The hurricane knocked out power to millions and destroyed water infrastructure. It also tore up plants across the island, washed soil off fields and knocked down fences. 
 
A field of crops that was damaged by Hurricane Maria.
 
MayerSeedline's Les North travels from Iowa to Puerto Rico every winter to verify the quality of crop seeds
 
“The winds were so powerful that they basically devastated and blew off everything that was green,” PRABIA executive director Beatriz Carrión says. “Everything that was standing up. Trees. Everything.”
 
Some projects were moved quickly to other locations where seed research is done, like Hawaii, Chile and Argentina. Because most of the planting for this winter had not begun yet, Carrión says the biotech companies were able to get their operations up and running.
 
“Our companies have water and some already have electricity,” she says. “we are open for business.” But that doesn’t mean business is as usual. 
 
Minnesota-based Third Millennium Genetics (3MG) has farms in Puerto Rico to help Midwest seed producers run winter research projects. The plan this year was to have two farms in Puerto Rico, 3MG first science officer Raechel Baumgartner Delgado says.
 
The company scaled back to just one after the storm wiped out generators, stole the roof off of a building and damaged another. Instead of squeezing more profit from the single farm by growing contract research plants, 3MG is producing watermelon, honeydew and cantaloupe. 
 
“One of the things we kind of talked about was stopping the fruit and vegetable growing in favor of our customers,” Baumgartner says, “and as we thought about it we realized we couldn't because we needed the food on the island.”
 
There have been other challenges: Spotty cell service, limited electricity and having to layoff employees when it became clear there would be less work.
 
“We kind of operate like family,” she says, “and so to have to reduce the number of staff has been difficult.”
 
Yet, the projects are mostly on schedule, and planting is now underway.
 
That’s good news for Les North of MayerSeedline, who leaves his Iowa home each winter to inspect the rows of corn 3MG has planted in Puerto Rico for his company.
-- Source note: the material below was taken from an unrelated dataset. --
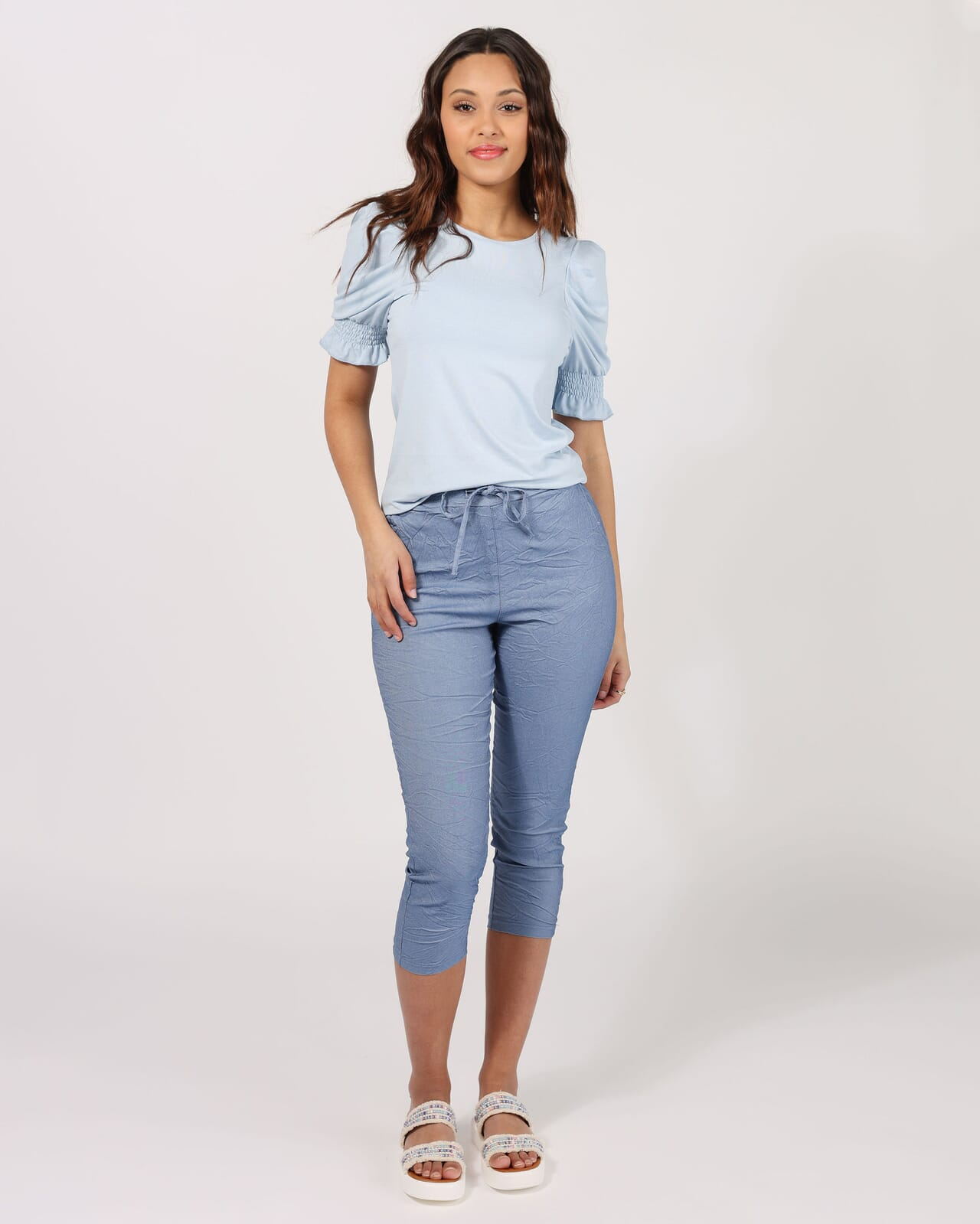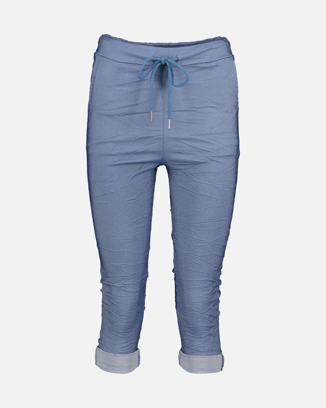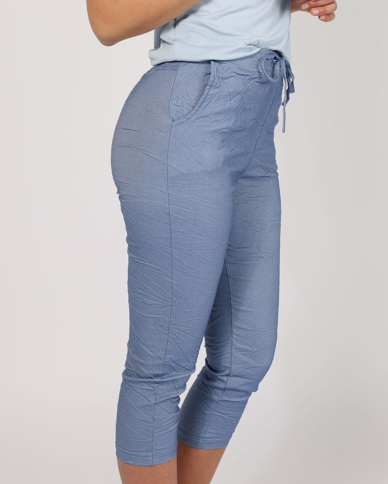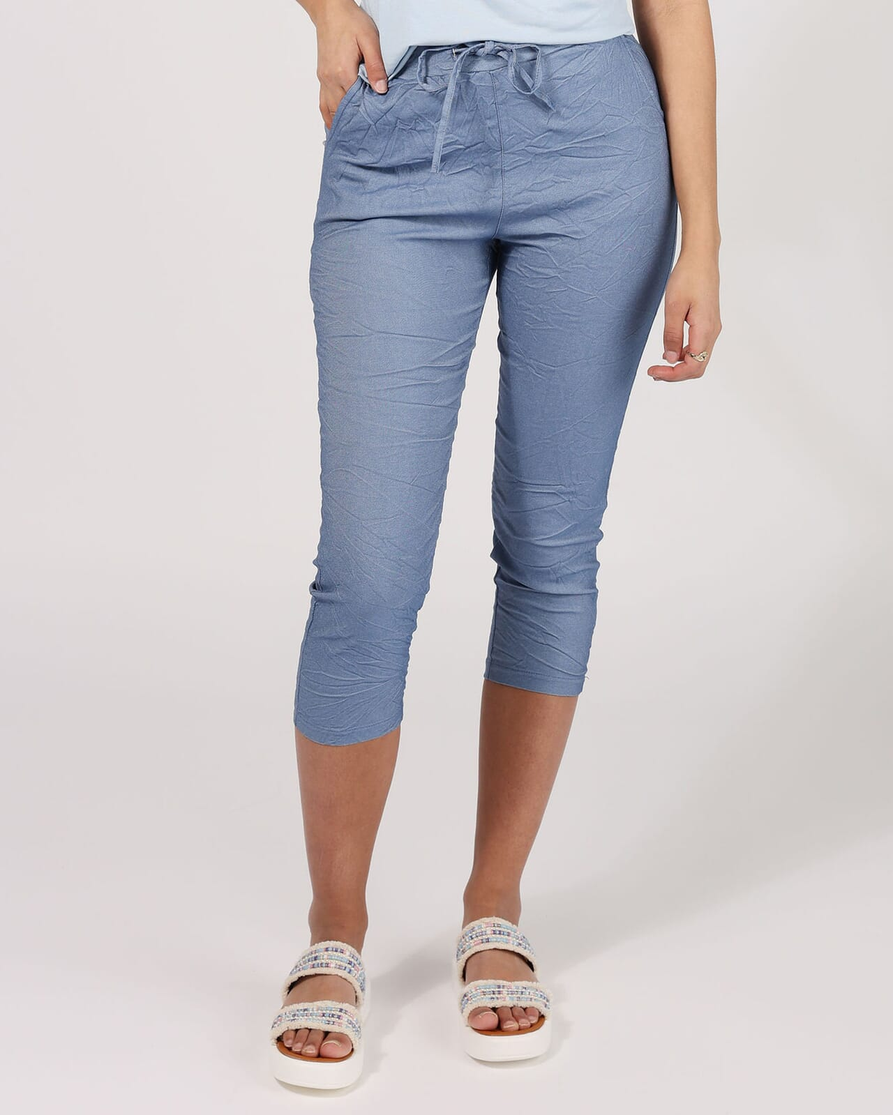 Behagelig capribukse i myk viskoseblanding. Den har en smal passform med god stretch i stoffet. Strikk og knyting i livet. Stikklommer i sidene. Stoffet skal ha en "rynkete" look. Brettekant nederst som ikke er sydd fast.
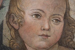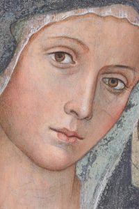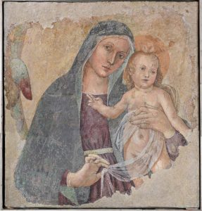 I due volti hanno una straordinaria forza comunicativa: l’amorevole sguardo della Madre Celeste, serenamente diretto verso i fedeli è come un invito alla preghiera in un raccolto e silenzioso dialogo; quello del Figlio sembra invece estendersi all’intera umanità in un simbolico abbraccio. Un frammento di affresco di grande importanza per Fede e Arte.

He looks for anomalies that, if too common, may indicate a problem with a whole batch of seeds.
 
His trip may be shorter than usual this year because federal emergency responders were occupying all the rooms through the end of the year when he called last month.
 
“I hope to be down there probably between Christmas and New Year’s,” he says, though the earliest he could make a reservation was Jan. 2. “The hotel doesn’t have rooms available at this point.”
 
Still, he expects to be able to verify the quality of his customers’ corn seeds in time for them to ship to farmers in the spring.  
 
Purity standards have been around since the 1939 Federal Seed Act, which aimed to protect farmers.
 
“It was trying to do away with the situation, 'Let the buyer beware,'" Iowa State seed lab manager Mike Stahr says. “And so the seed companies, if they want to stay in business, they're going to have to keep the farmers happy.”
 
North estimates between 50 and 70 percent of the seed corn planted in the U.S. has been put through an in-the-ground test — whether that’s in Puerto Rico or other places. Though lab testing has become more sophisticated over the decades, Stahr says there’s no substitute for growing out the plant.